Shifting of surface plasmon resonance due to electromagnetic coupling between graphene and Au nanoparticles
Jing Niu, Young Jun Shin, Jaesung Son, Youngbin Lee, Jong Hyun Ahn,, and Hyunsoo Yang

TL;DR
This study investigates how the surface plasmon resonance wavelength shifts due to electromagnetic coupling between graphene and gold nanoparticles, revealing a complex behavior with initial blue shift, subsequent red shift, and saturation.
Contribution
It provides new insights into the tunability of plasmon resonance via spacer thickness, combining experimental results with the plasmon ruler model.
Findings
Blue shift of 29 nm with spacer increase from 0 to 15 nm
Red shift of 17 nm when spacer exceeds 20 nm
Coupling strength decays exponentially with spacer thickness
Abstract
Shifting of the surface plasmon resonance wavelength induced by the variation of the thickness of insulating spacer between single layer graphene and Au nanoparticles is studied.

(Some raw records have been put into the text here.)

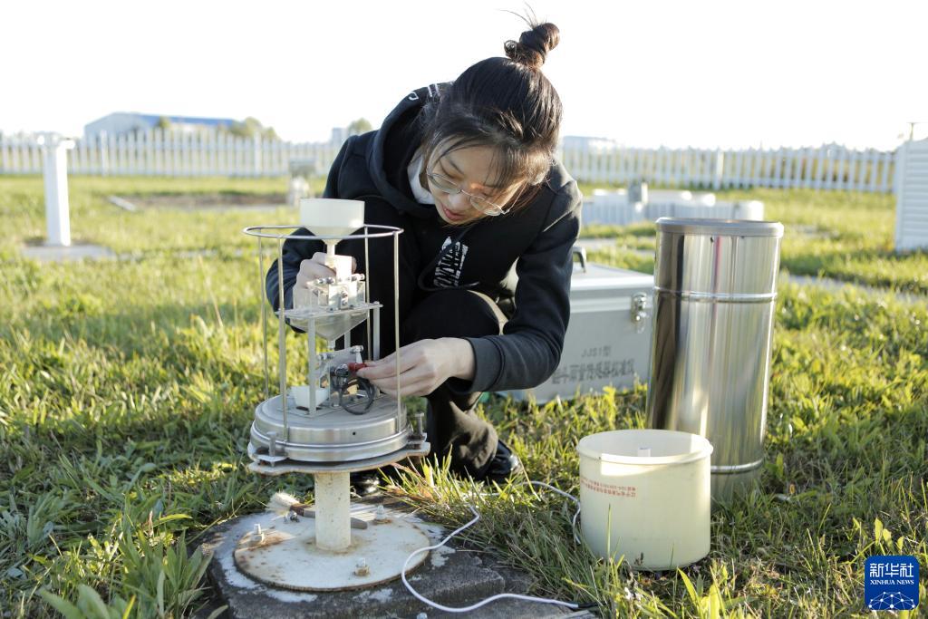 在富錦市氣象局觀(guān)測場(chǎng),氣象員楊清彤在維護翻斗雨量計(9月22日攝)。
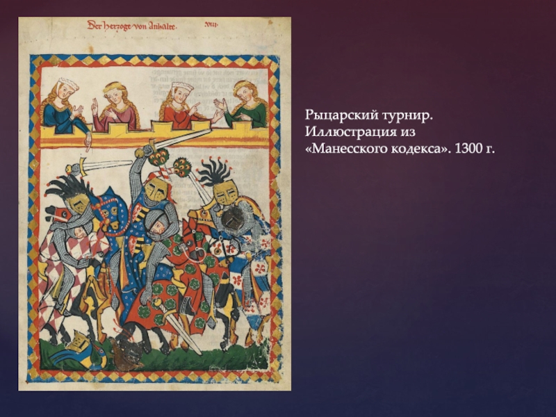 Слайд 8Рыцарский турнир. Иллюстрация из «Манесского кодекса». 1300 г.
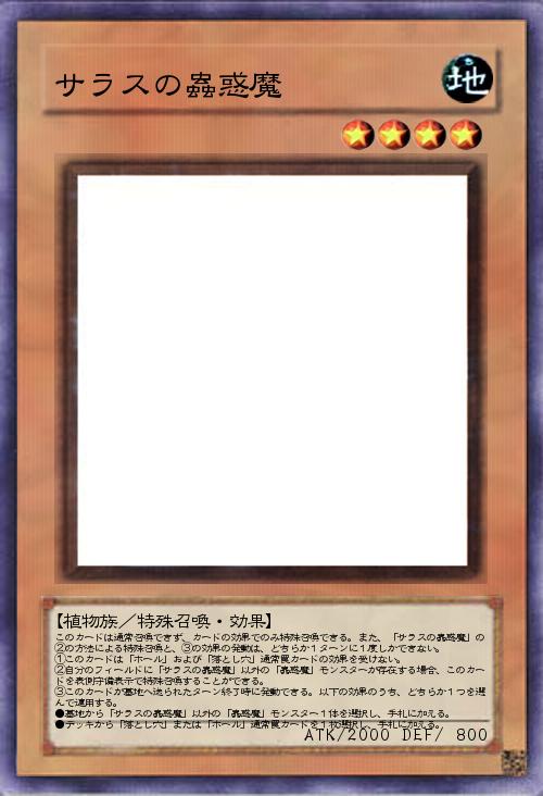 | このカードは通常召喚できず、カードの効果でのみ特殊召喚できる。また、「サラスの蟲惑魔」の②の方法による特殊召喚と、③の効果の発動は、どちらか1ターンに1度しかできない。 ①このカードは「ホール」および「落とし穴」通常罠カードの効果を受けない。 ②自分のフィールドに「サラスの蟲惑魔」以外の「蟲惑魔」モンスターが存在する場合、このカードを表側守備表示で特殊召喚することができる。 ③このカードが墓地へ送られたターン終了時に発動できる。以下の効果のうち、どちらか1つを選んで適用する。 ●墓地から「サラスの蟲惑魔」以外の「蟲惑魔」モンスター1体を選択し、手札に加える。 ●デッキから「落とし穴」または「ホール」通常罠カードを1枚選択し、手札に加える。 | |||
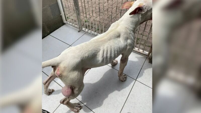 Pitbull com câncer e desnutrida é resgatada de pensão e homem é preso em flagrante em SC

The system demonstrates a blue shift of 29 nm as the thickness of the spacer layer increases from 0 to 15 nm. This is due to the electromagnetic coupling between the localized surface plasmons excited in the nanoparticles and the graphene film. The strength of the coupling decays exponentially with a decay length of d/R=0.36, where d is the spacer layer thickness and R is the diameter of the Au nanoparticles. The result agrees qualitatively well with the plasmon ruler equation. Interestingly, a further increment of the spacer layer thickness induces a red shift of 17 nm in the resonance wavelength and the shift saturates when the thickness of the spacer layer increases above 20 nm.